> _Task statement_: Every line from the one with "SUPER Set Asilo" to the one with "①野見山の1着率は57.1%", including those two, is to be copied exactly; all other lines of the entries below are left out.

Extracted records
■ ■ ■

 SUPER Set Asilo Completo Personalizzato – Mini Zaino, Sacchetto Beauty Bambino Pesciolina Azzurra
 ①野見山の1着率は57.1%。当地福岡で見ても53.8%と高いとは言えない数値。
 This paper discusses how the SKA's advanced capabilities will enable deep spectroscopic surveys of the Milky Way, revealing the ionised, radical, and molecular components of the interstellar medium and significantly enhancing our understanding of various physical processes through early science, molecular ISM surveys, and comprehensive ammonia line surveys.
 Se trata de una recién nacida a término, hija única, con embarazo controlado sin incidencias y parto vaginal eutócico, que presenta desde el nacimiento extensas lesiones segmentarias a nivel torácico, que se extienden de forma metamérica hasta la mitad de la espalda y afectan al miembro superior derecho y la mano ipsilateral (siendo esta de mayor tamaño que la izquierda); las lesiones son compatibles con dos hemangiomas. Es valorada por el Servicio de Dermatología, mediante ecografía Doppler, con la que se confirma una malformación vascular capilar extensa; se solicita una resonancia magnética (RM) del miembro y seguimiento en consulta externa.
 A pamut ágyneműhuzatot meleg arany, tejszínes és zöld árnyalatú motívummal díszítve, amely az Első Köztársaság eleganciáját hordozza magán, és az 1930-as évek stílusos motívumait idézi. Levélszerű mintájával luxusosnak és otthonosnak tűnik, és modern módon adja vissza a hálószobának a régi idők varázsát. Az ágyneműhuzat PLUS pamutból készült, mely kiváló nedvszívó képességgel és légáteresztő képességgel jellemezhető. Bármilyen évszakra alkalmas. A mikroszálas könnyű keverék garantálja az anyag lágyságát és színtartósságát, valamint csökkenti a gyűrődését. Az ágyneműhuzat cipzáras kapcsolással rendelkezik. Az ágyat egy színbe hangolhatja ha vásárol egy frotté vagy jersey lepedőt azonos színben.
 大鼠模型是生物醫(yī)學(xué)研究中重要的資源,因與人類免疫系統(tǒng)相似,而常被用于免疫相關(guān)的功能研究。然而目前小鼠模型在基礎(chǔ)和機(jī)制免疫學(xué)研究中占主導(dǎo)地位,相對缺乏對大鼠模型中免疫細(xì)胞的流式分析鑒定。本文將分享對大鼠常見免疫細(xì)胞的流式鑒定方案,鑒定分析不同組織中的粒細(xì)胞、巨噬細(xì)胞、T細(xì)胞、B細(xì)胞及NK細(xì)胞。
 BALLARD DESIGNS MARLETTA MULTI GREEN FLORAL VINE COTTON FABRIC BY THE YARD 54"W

■ ■ ■

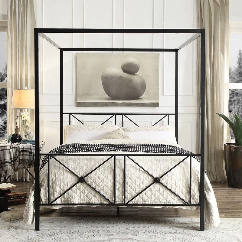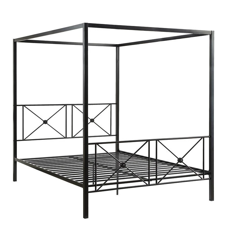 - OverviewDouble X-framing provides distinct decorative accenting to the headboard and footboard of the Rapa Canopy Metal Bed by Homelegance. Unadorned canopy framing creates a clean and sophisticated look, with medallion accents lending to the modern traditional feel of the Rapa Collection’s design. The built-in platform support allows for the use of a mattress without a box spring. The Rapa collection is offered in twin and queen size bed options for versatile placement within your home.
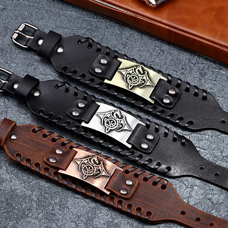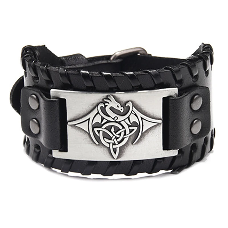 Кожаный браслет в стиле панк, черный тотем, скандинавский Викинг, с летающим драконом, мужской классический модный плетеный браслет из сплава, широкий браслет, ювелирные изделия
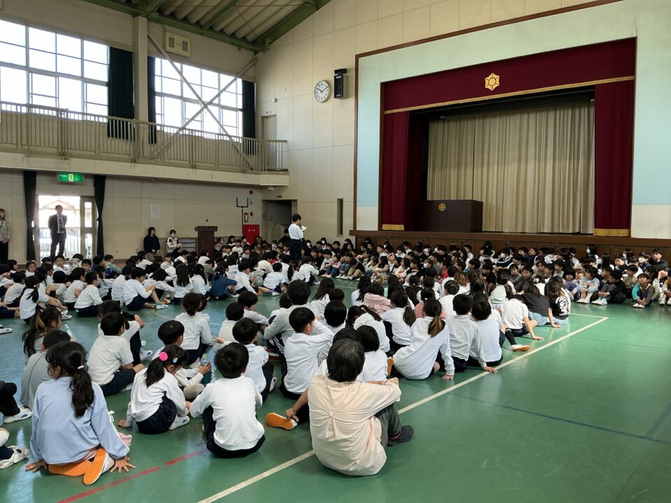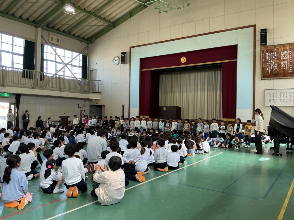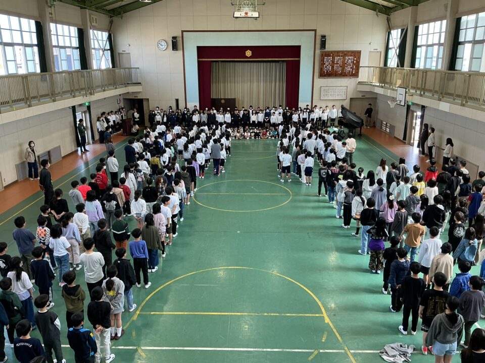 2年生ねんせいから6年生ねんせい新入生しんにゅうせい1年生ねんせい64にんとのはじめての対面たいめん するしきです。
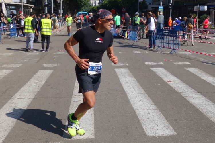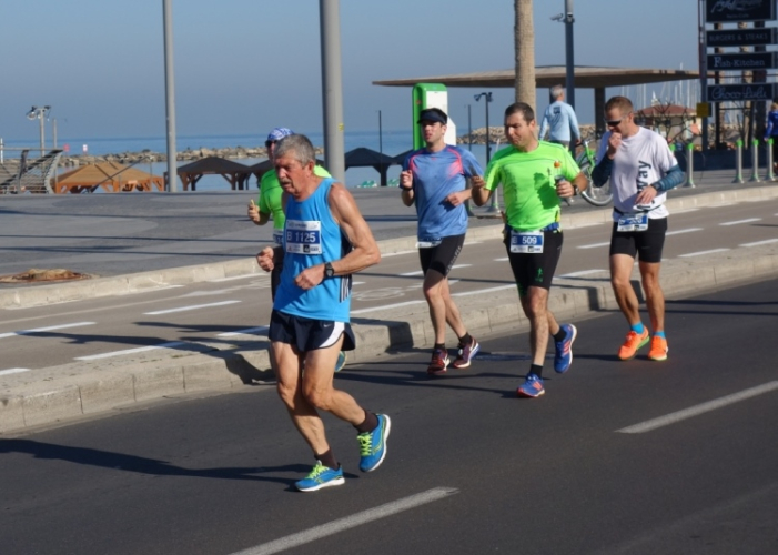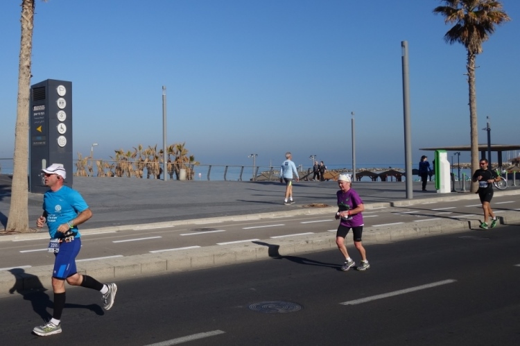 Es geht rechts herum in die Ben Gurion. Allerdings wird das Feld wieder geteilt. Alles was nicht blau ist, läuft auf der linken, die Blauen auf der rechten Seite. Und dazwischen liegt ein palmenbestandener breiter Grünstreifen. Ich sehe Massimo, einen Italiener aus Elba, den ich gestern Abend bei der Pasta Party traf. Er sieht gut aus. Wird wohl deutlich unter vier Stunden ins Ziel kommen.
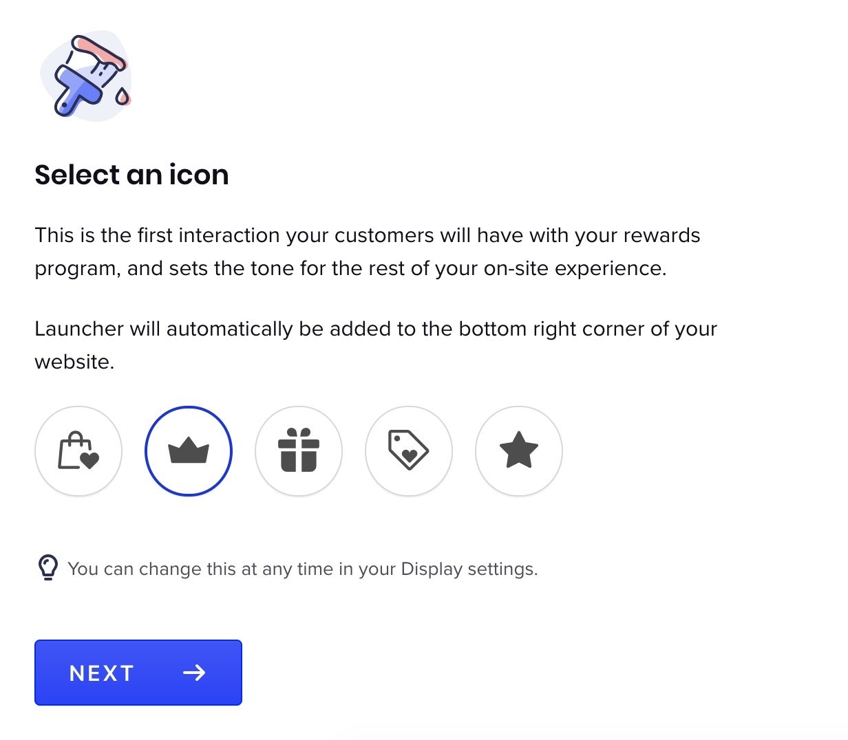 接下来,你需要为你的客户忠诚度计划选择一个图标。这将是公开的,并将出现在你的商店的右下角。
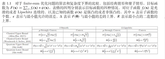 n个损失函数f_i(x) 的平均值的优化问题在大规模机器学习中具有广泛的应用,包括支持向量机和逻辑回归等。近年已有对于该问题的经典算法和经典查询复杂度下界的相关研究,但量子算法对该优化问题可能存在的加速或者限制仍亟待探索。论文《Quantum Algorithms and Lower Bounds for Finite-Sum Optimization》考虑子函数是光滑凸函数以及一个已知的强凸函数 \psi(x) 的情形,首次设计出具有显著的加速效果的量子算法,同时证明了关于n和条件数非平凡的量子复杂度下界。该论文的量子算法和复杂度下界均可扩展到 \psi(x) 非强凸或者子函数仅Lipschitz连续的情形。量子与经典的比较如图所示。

■ ■ ■

> _Solution to this task_:
 SUPER Set Asilo Completo Personalizzato – Mini Zaino, Sacchetto Beauty Bambino Pesciolina Azzurra
 ①野見山の1着率は57.1%。当地福岡で見ても53.8%と高いとは言えない数値。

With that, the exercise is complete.